Of course, there is nothing that any of us can do to alter the facts of what respondent did. We lawyers will simply have to take whatever hit her actions have imposed on public trust and confidence in the bar.
On the other hand, our fellow citizens will rightly take account how we lawyers and judges treat respondent's offense. If we treat her offense as though it is a matter of substantial gravity, they will reach a favorable conclusion about how highly we ourselves value honesty in lawyering. If we treat her offense as though it were a relatively modest one, they will reach the opposite conclusion about us.
In deciding whether to vote to approve the agreement for what is effectively a ninety-day suspension with automatic reinstatement, I have read very carefully the voluminous testimonials submitted by respondent and her lawyer. I have read many of them more than once; some of them come from people whom I know rather well and whose ethical judgments I value.
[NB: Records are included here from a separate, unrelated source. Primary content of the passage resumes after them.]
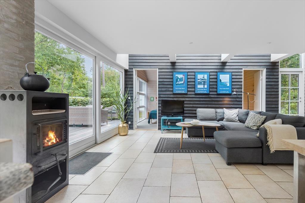 Glæd dig til at træde ind i et helt særligt og arkitekttegnet sommerhus, hvor lys, farver og charme går hånd i hånd. Her er det rart at være – også når I er mange – og planløsningen inviterer til samvær og ro. Det store opholdsrum i husets hjerte er fyldt med lys fra de brede vinduespartier, som smukt trækker naturen med helt ind i stuen. Her finder du både stue, spiseplads og et lækkert, veludstyret køkken – alt sammen stilfuldt indrettet med fokus på hygge og fællesskab. Kække detaljer som den sorte, rustikke trævæg og de flotte, klare farver giver personlighed og kant. På hver side af opholdsrummet finder du to gode soveværelser – ét med dobbeltseng og ét med to enkeltsenge – altså i alt 4 soveværelser. Badeværelset har både spa og sauna, og der er desuden et ekstra gæstetoilet samt et praktisk bryggers til strandtasker og våde håndklæder.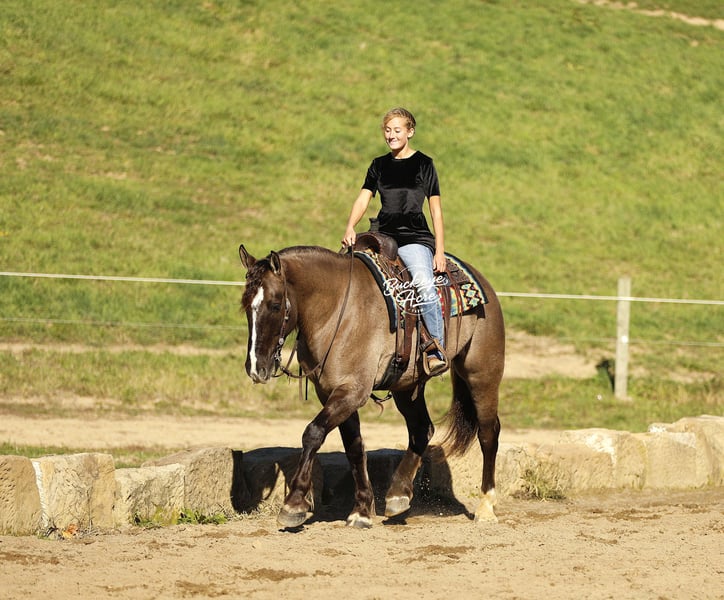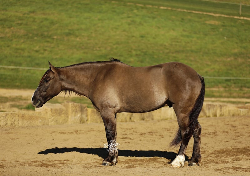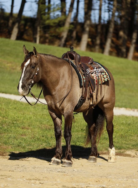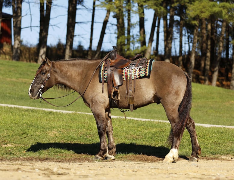 Meet Cheeko, a stunning 2021 grullo gelding with that rare, classy color, a soft white blaze down his face, and two neat white socks. Standing a solid 16 hands, he carries himself with presence yet stays a true calm, gentle soul through and through. Cheeko has seen a lot and handles each new place with confidence. He’s been down busy state roads in traffic, worked around cows, and helped check fence lines with no fuss. Out on the trails, he really shines — he’ll go uphill, downhill, over logs, across creeks, and through water without hesitation. He takes his time, stays sure-footed, and never gets bothered. Whether you want to ride the trail or just stay in one place to chat and enjoy the scenery, Cheeko is perfectly happy either way. He rides just as nicely in the indoor and outdoor arenas. He’s solid with jugs, tarps, whips, and gunshots, showing a quiet, steady mind every time. He has three smooth, balanced gaits — walk, trot, and canter — making him a pleasure for riders of many levels. You don’t have to ride him every day to keep him the same; he stays consistent, trustworthy, and ready to work. Cheeko also has some fun buttons: he’ll side pass right up to the mounting block and will even sit down or lie down on cue. Around the barn, he soaks up attention, enjoys grooming, and settles just as well in a stall as he does out in the pasture. Calm natured, kind, and dependable, Cheeko is the type that’s hard to find — a steady partner with all the looks, manners, and heart to match, whether you’re riding trails or just enjoying a peaceful moment together. If this sounds like the horse you’ve been looking for, please feel free to reach out to Duane @ 330-231-2324 for more info or to schedule a day to stop by and see him in person.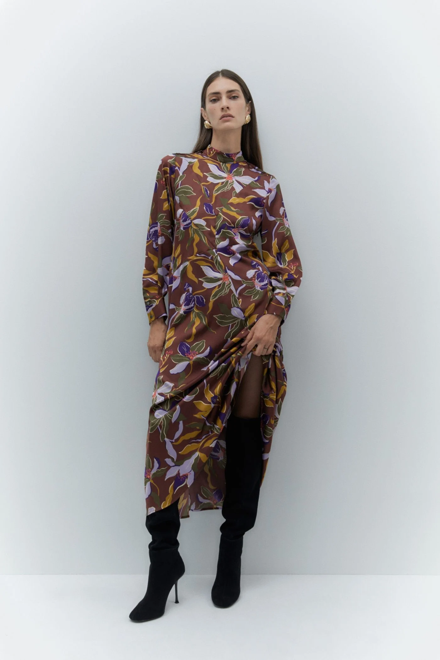 El estampado único y sofisticado de este vestido lo diferencia de cualquier otra prenda en el mercado. Su corte elegante y atemporal lo convierte en una pieza imprescindible para cualquier ocasión, ya sea una cita especial o un look casual con botas y accesorios sencillos. Además, su diseño de manga larga y cuello alto aporta un toque refinado que no pasa desapercibido.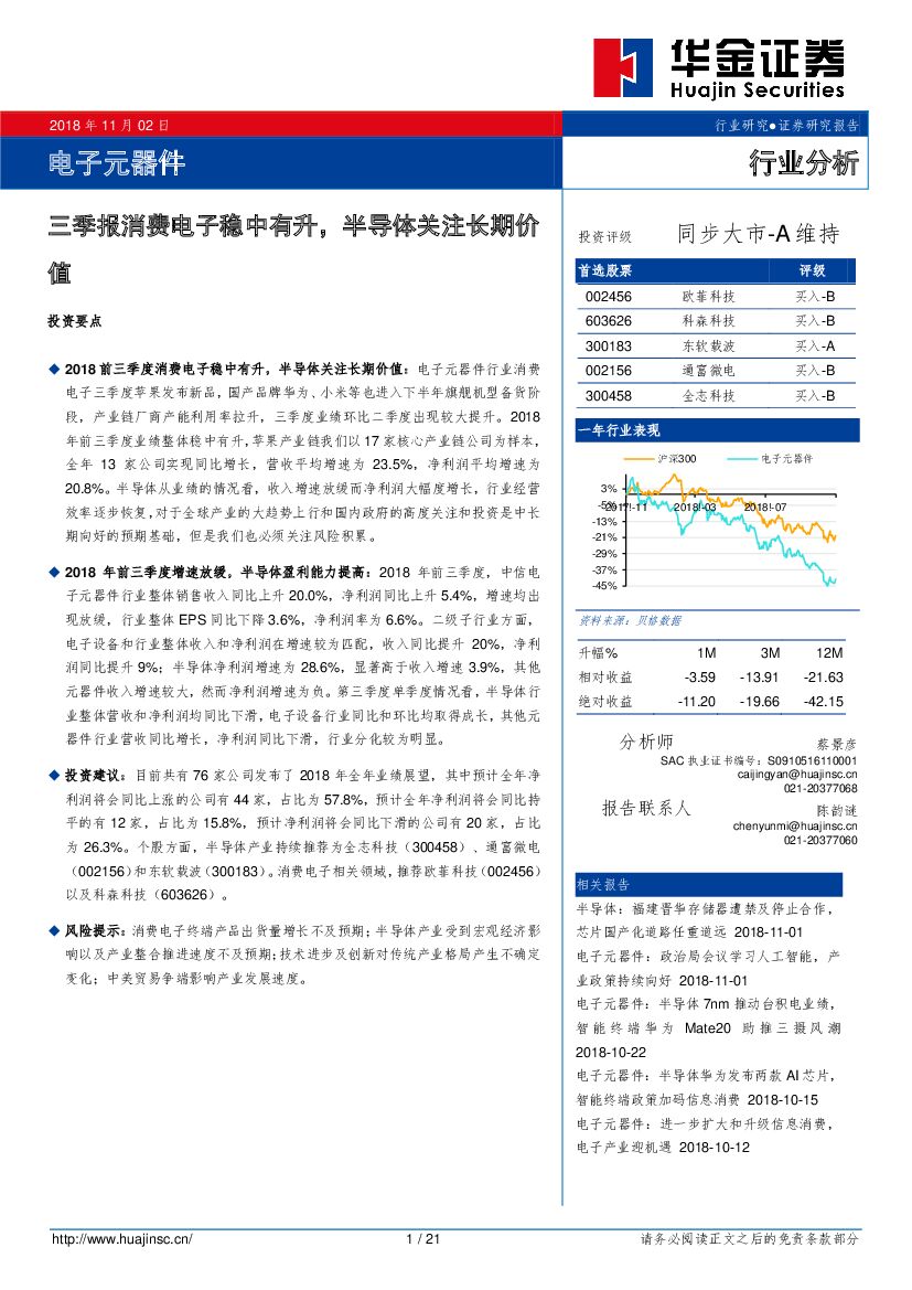 华金证券:电子元器件行业分析:三季报消费电子稳中有升,半导体关注长期价值.pdf
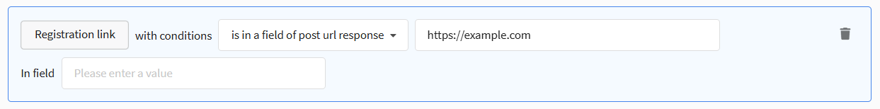 • Is in a field of post url response / Is not in a field of post url response — the rule looks for a match of the field in the response of a post method request to an external API.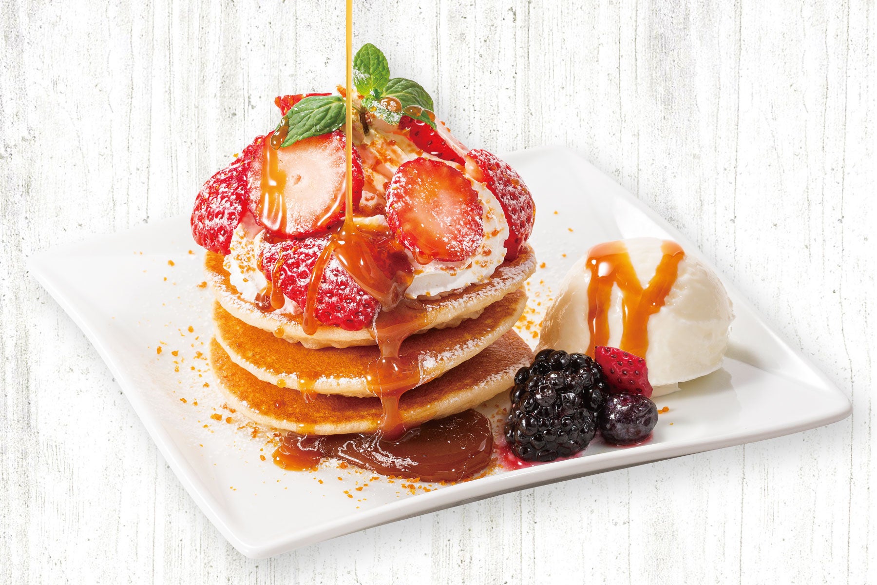 キャラメルいちごパンケーキ 590円(税込649円)

These letters speak of respondent's hard work and proficiency as an advocate and of her contributions to the organized bar. They all acknowledge that what she did in this case was abhorrent. Most of them express surprise that respondent could ever do such a thing. "I've known her for 23 years, and this was the first and only time she's exhibited such a lack of judgment," said one. "I've known Linda for twenty-three years and believe the likelihood of her ever committing a similar act is virtually zero," wrote another. "I have no reason to believe she ever did anything remotely similar to this before," said a third.
But of course, she has.
In the course of this proceeding, I have also spent time studying the last disciplinary case involving Linda Wagoner. The judgment on that violation was entered just six years before the acts giving rise to this one.
Like this matter, it was resolved on the basis of a plea agreement. Unlike this matter, the facts and pleadings were kept confidential then (it would not be so under present rules), and they are still confidential. The nature of the violation is thus not widely known, apparently even to those who know the respondent relatively well.
In retrospect, I am surprised that I voted to dispose of that case on the basis of a private reprimand, for, if anything, the offense was more serious than the one before us now. But, it is our policy to encourage agreements. And moreover, keeping in mind my own human frailties, I believe in second chances.
I am not as favorable about third chances. Respondent has committed two separate acts of substantial dishonesty under circumstances in which there was time for contemplation. These violations occurred pretty close to each other in time. I think this forfeits the presumptions of honesty that we make about each other as lawyers. I would require that she prove her character and fitness in a reinstatement hearing, rather than return her law license automatically.